Awww, baby birds...so cute. Happy Mother's Day CC... ~Joy
Posted by: Joy | May 08, 2011 at 11:30 AM
Thank you, Joy, and the same to you!
Posted by: Cop Car | May 08, 2011 at 05:25 PM
Baby birds are so cute!
Good luck with the exercise, although I'm sure you are well prepared for it.
Posted by: bogie | May 09, 2011 at 03:53 AM
Bogie--I would be well prepared for the exercise had I not gone on assignment. I had just received the "Playbook" and the joint FEMA/Missouri operating plans a few days before leaving on assignment. I just started reading it, yesterday. The "stuff" that I'm supposed to know is about 1700 pages. No chance, now.
As I once told your dad: They can train me and teach me and tell me how I'm supposed to do things; but, when I'm on an assignment I just do what needs to be done. The same will go for this exercise.

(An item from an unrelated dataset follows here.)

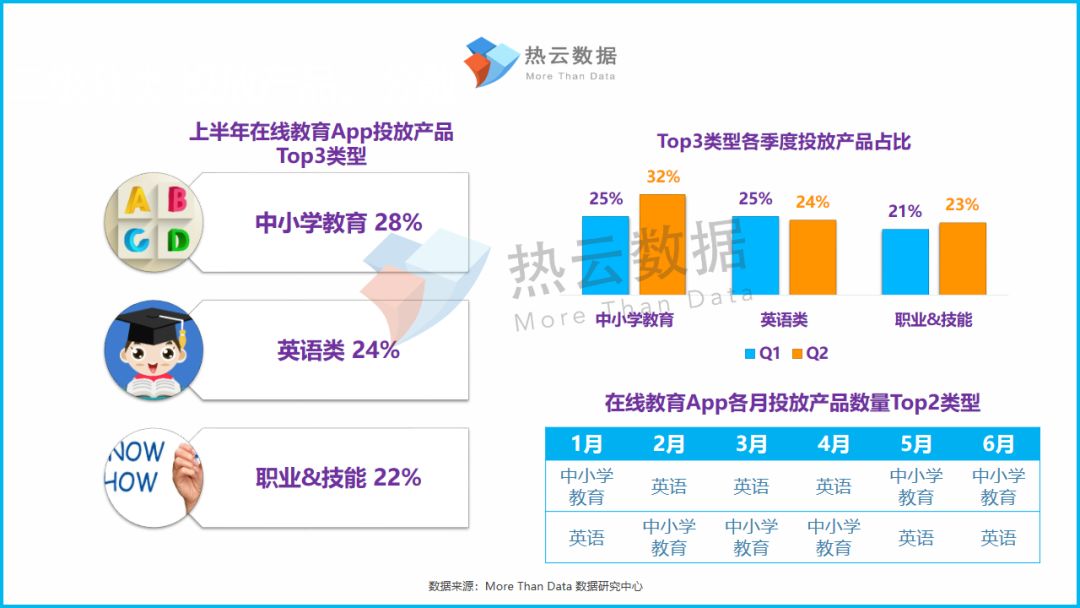 上半年在线教育类App的2级分类与投放产品数量之间交叉的维度来看,中小教育类App凭借在Q2期间的进一步增长,以28%的占比位居首位,成为在线教育App投放市场中投放App数量最多的在线教育类App类型;英语类App在上半年两个季度的变化相对稳定,以24%排名第2位。此外,通过对上半年各月在线教育类App投放产品数量Top2类型来看,前两名全部被中小学教育以及英语类App占据且交替成为No.1。其中,上半年临近期末的月份(1、5、6月)中小学教育类App便位居榜首;其余月份则英语类App“迎头赶上”。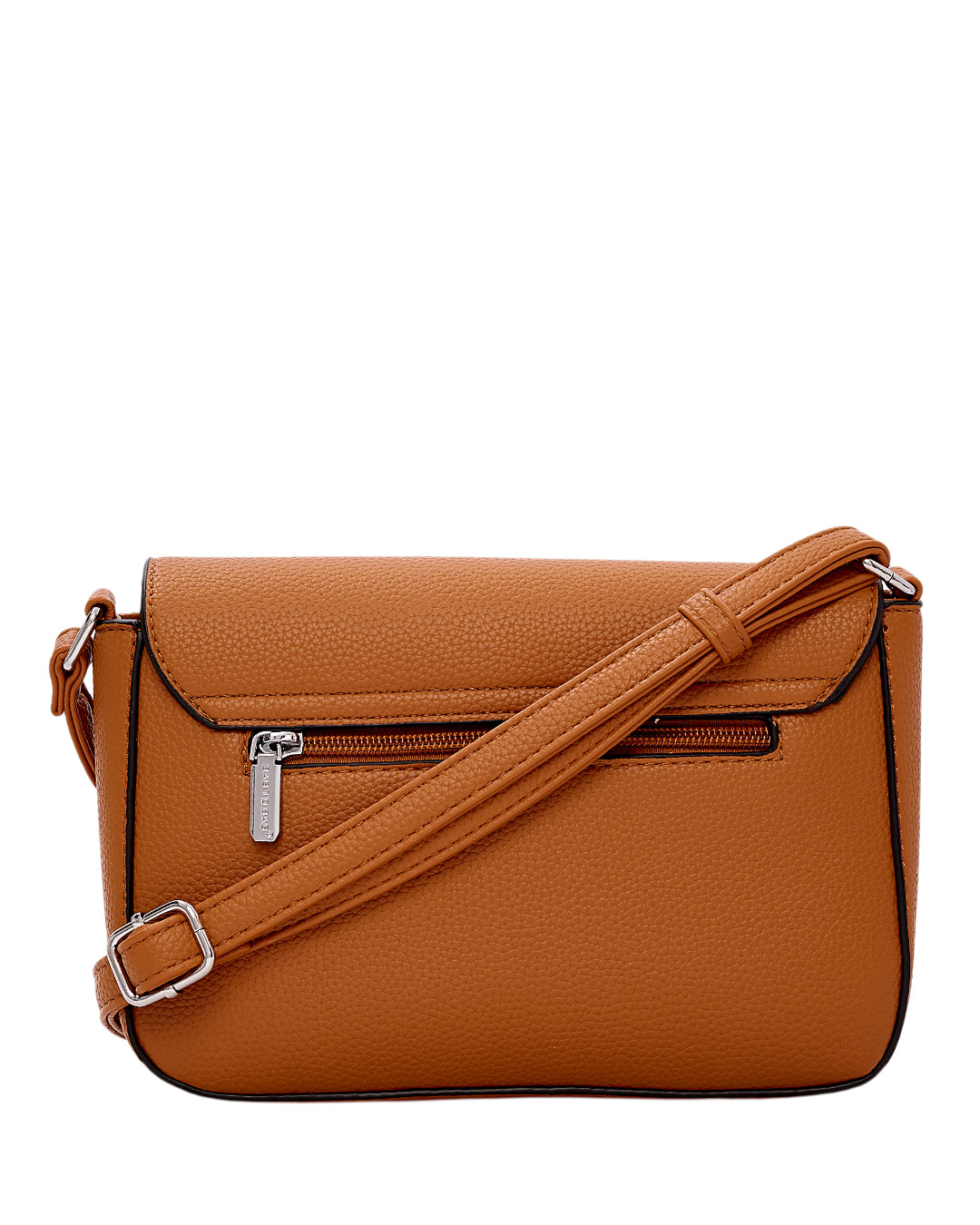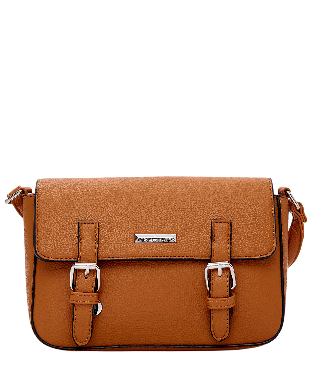 Τσάντα χιαστή από υψηλής ποιότητας τεχνόδερμα.Αποτελείται από έναν κύριο χώρο που κλείνει με φερμουαρκαι καπάκι το οποίο διαθέτει περίτεχνa κοyμπώματα.Διαθέτει στην πίσω όψη βοηθητική τσέπη που κλείνει με φερμουάρ.Διαθέτει ρυθμιζόμενο λουράκι.

Posted by: Cop Car | May 09, 2011 at 06:09 AM
You have a lot more energy than I do these days!!!!
And the birds are simply darling!!!!
Posted by: Kay Dennison | May 09, 2011 at 10:45 AM
This year the closest thing to a nest I had was some twigs I found on the floor of my carport under a pillar that a foolish Dove built her nest on one year. We get some strong windstorms here in the Spring and her nest, with all the eggs, blew down. I was glad that the prospective nest builder thought better of her choice of a place to build her home this Spring.
Posted by: Darlene | May 09, 2011 at 05:32 PM
Wow. What a lot you have to do. I can't believe the disasters happening. My husband just said it looks like New Orleans is going to get flooded out again.
Posted by: Hattie | May 13, 2011 at 01:49 AM
Kay--Thanks for the thought; but, from your postings, I do believe that you could run rings around me. I'm anxious for your return.
Darlene--I'm sorry that your dove's choice of building sites proved to be so foolish. Bummer! Glad she learned something.
Hattie--We humans are pretty foolish. Every time we build a levee, it provides conditions that cause the soil to subside. I would bulldoze New Orleans and its levees. Trying to keep people there is a bad, if old, idea. Only sampans should serve as abodes in that area.